We should also include some basic test cases beforehand. This will make it easy to check if the prompts are giving us the correct output. Some test cases are defined here for reference.

* Numbers. To test tabular data. 

1. What are the total assets and liabilities for the year 2022? Answer: 82338 million and 36440 million.
1. What is the Income before income taxes for the year  2020, 2021 and 2022? Answer: 1,154, 6,343 and 13,719 respectively.
1. What is the year on year increase in the gross profit from 2020 to 2022 in percentages? Answer: 105.2% and 53.3% respectively.
Note: This tests the higher level logical thinking of the model.
1. What is the gross profit in 2019?
Note: This tests if the model will give a truthful answer or hallucinates the numbers.

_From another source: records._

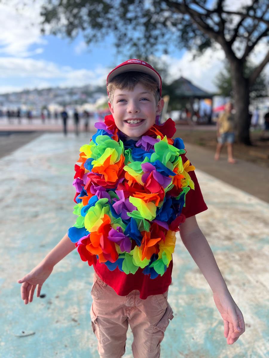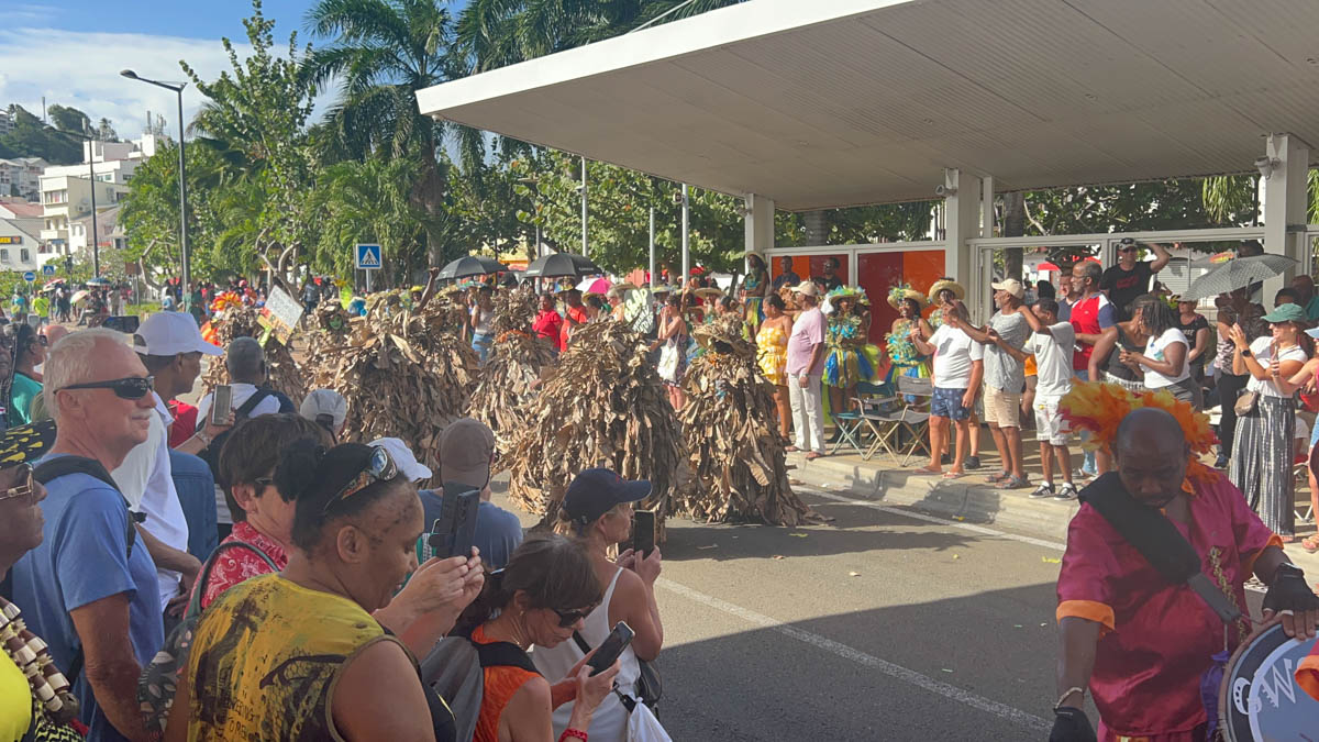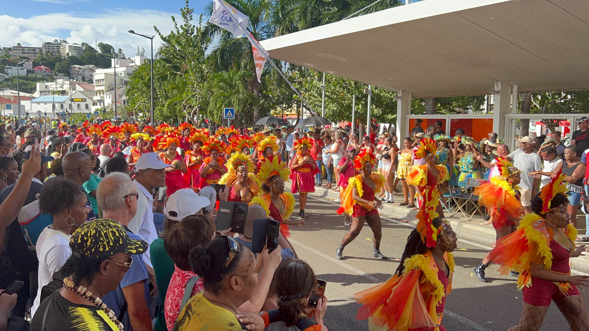 Dimanche 19 janvier c’est le pré-carnaval de Fort de France. Nous débarquons pour voir le village exposants, déjeuner crêpes bretonnes et admiration du défilé coloré et musical. Une vingtaine de groupes de différentes associations présentent leur chorégraphie : des danseurs, des tambours maracas et trompettes lambi défilent pendant 3 heures dans les rues. Le public est au rendez-vous dans une ambiance survoltée. Pour participer nous aussi nous revêtons chacun un collier de fleurs multicolores. Au bout d’une heure de danse, nous repartons.
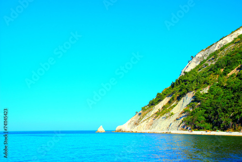 Fototapeta premium Crisp scenery with Mount Conero and Scoglio della Vela, the sail-shaped rocky formation rising from a bed of candid Adriatic Sea waters, azure, emerald, sparkling and mirroring, under a clear sky
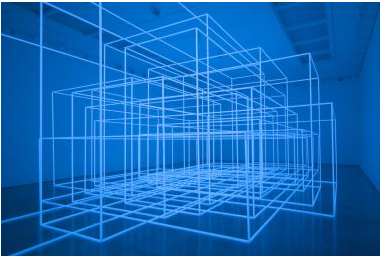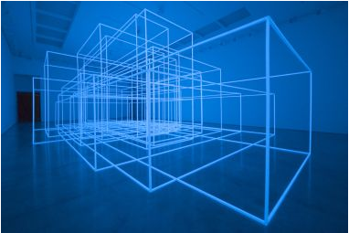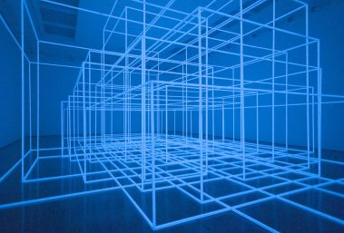 Gormley exhibits Breathing Room III (2010) in the lower gallery room, the third in this series of works which involve the viewer’s involvement in a shifting ground. The work is made from 15 inter-connecting photo-luminescent space frames; the total volume is equivalent to that of the internal gallery space. The installation encourages the viewer to participate with the work where time and light are the principle elements. Instead of engaging with a defined sculptural space the individual must pace themselves amidst intense bursts of light and total darkness.
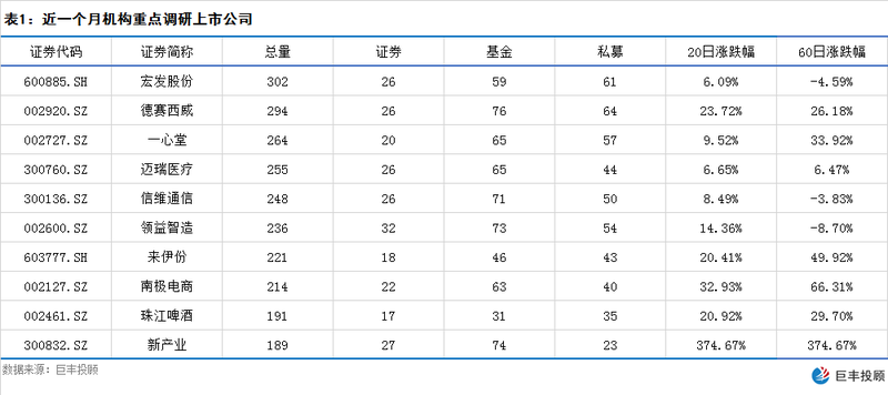 宏发股份、德赛西威、一心堂、迈瑞医疗等上市公司是近一个月机构重点调研的公司。

* General Questions (open-ended)
1. What does Tesla do? And what types of businesses is Tesla involved in?
1. How is the financial health of Tesla?
1. What kind of technologies does Tesla invest in?

In [11]:
# template code to be used for testing of prompts
query_1 = "What are the total assets and liabilities for the year 2022 in the consolidated balance sheet?"
query_2 = "What is the Income before income taxes for the year  2020, 2021 and 2022?"
query_3 = "What is the year on year increase in the gross profit from 2020 to 2022 in percentages?"
query_4 = "What is the gross profit in 2019?"
queries_num = [query_1,query_2,query_3,query_4]

query_5 = "What does Tesla do? And what types of businesses is Tesla involved in?"
query_6 = "How is the financial health of Tesla?"
query_7 = "What kind of technologies does Tesla invest in?"
queries_gen = [query_5, query_6, query_7]

## Verify tabular data integrity

As the tables are all converted to a string of text before passing to the embedding model, we need to check if the model can still understand the structured information.

In [22]:
# read in the information from the Tesla Annual Report, convert to embeddings and store in vectorestore
# using Langchain PyPDFLoader
# Note: PyPDFLoader is for structured data extraction
FILE_PATH = "../data/Tesla_Annual_Report_2022.pdf"
loader = PyPDFLoader(FILE_PATH)
data = loader.load()
print (f'You have {len(data)} pages in your pdf')

You have 184 pages in your pdf


In [23]:
embeddings = OpenAIEmbeddings()
vector_store = FAISS.from_documents(data, embeddings)

In [10]:
qa = RetrievalQA.from_chain_type(llm=ChatOpenAI(temperature = 0.1), chain_type="stuff", retriever=vector_store.as_retriever())
for query in queries_num:
    print(query)
    print(qa.run(query))
    print("---------------------------------")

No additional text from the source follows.